Ladislaus received this communication with deep concern, and ordered its formal portions to be read to his chief advisers. The paper created intense agitation, especially the following passage: “Thus by profound dissimulation, the abandonment of that unity whereon alone can states establish permanence, or acquire cohesion of their essential elements, has the guilt of this crime been transferred from the persons really culpable to the crown of Bohemia. Such is the tendency of that insidious policy that I observe is being established in modern kingdoms. The royal power is constituted the executioner of decrees that it does not formulate, and is rendered the active oppressor of its own subjects by appeals to its overstrained religious sentiment. A sensitiveness hostile to the ordinary pursuits of men is cultivated that mistakes inquiry into nature’s truths for enmity to spiritual conceptions.

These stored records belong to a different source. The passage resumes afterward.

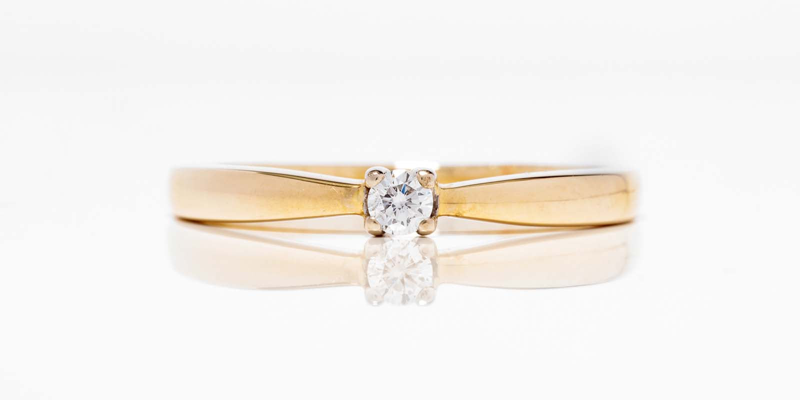 Ein Solitär-Ring mit einem feinen Ringband aus 585er Gelbgold
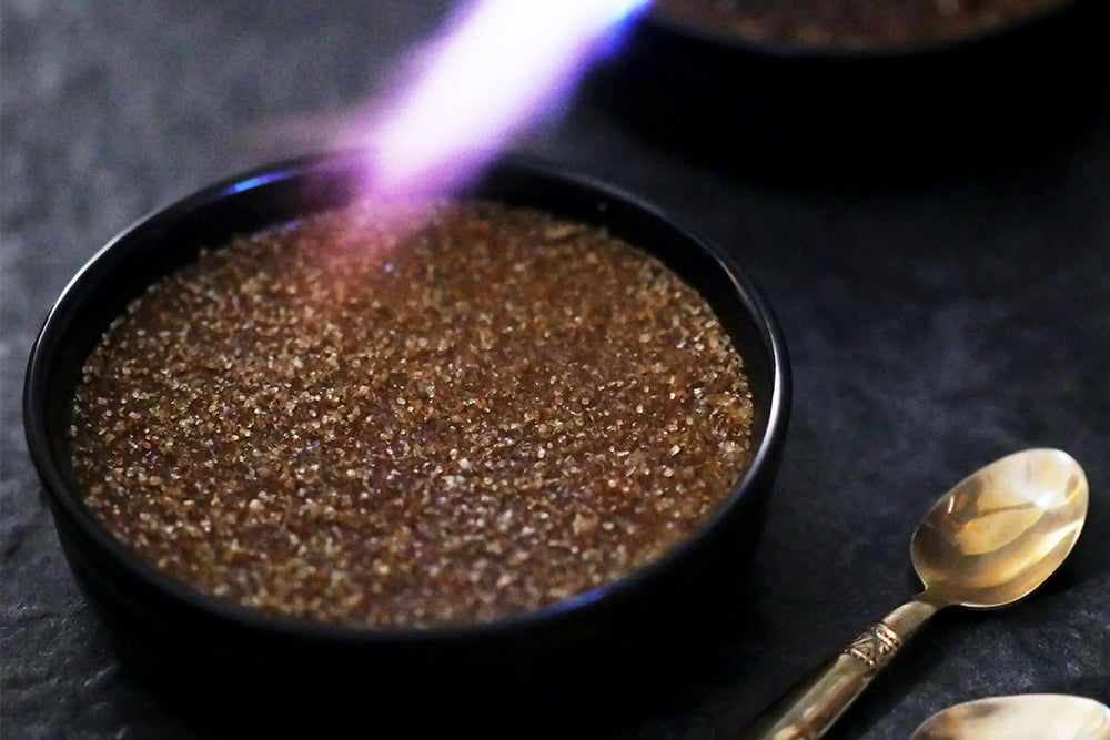 Torch a layer of granulated sugar over top of the room temperature custard for a final touch. The satisfaction of shattering through that sugar crust won't come close to how much you'll enjoy the complex flavors of a Luker Chocolate crème brûlée. Pictured crème brûlée created using Noche 40%.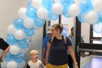 Students rushed toward to school's entrance as the tour began, anxious to explore the new school.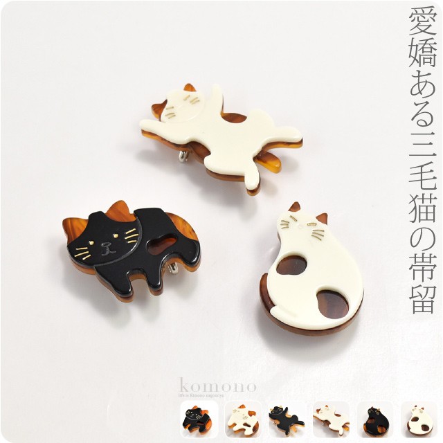 帯留め 通年用 日本製 三毛猫 帯留 三分紐用 金具付 レディース

“The beneficence that supplies its myriad blessings to us from the limitless store of nature’s sweets and essences is banished from multitudes whose exhausted strength is famished by its loss. The nourishment that would mingle with our constituent elements, and fill them with life and energy, yielding health and cheerfulness, is brushed from hungry lips, and men are consigned to want, and waste, and the breaking down of tissues, decay, and disease and death. The divine gifts implanted in herb and fruit, whereof the human frame is but the inspissated combination, is banished from its natural completion in its application to human nourishment; and the supernal virtues of love, generosity, justice, and purity that are diffused through the charms and the riches of nature, and would adorn the human soul if instilled through nature’s bounties, are violently banished from society. Thus cruelty, treachery, hatred, and vicious destructiveness are being implanted in men’s hearts through denial of the enrichment that would infuse tenderness of fecling together with richness of the blood. Poverty of the mind springs from depravation of the body; and so long as men hate and persecute and torture, and deaden the sensibilities of their frame, the wonder of all creation, so long also must they inflict on themselves vices of the mind. As the world is filled with mortification of the one it droops and is cursed with the depravities and vices of the other. Virtue is generally good food, warmth, absence of anxiety, freedom from the despair in feelings that spring from wasted and unhealthy bodies, and the consequent fierce longings that produce a tendency in the very flesh to reproduce the same conditions that it sprang from. If the mass of mankind in our cities are not thus nurtured we must anticipate only fierce animosities and contentions. The spirit of persecution that now pervades Europe springs directly from the multiplied famines, pestilences, black deaths, and similar horrors, that have at length produced their natural result in the ferocity of the human soul.”

The Lady Judith and her son, and the Lady Ludmila, and Agaphia, Milada and other of their former co-sufferers continued to reside in quietness at Fürstenberg. Here Lord Drda, and Nicolas Jaroslav, and Sambor found always a ready welcome. Gradually the soothing alleviation of time replaced the keen sufferings of the moment with a subdued cheerfulness that welcomed sympathy and love with a profounder appreciation.

The monument to Solomon at Ofen, and the simpler memorial tomb of Boppo at Gran long expressed the high estimation extended to those honored and lamented worthies.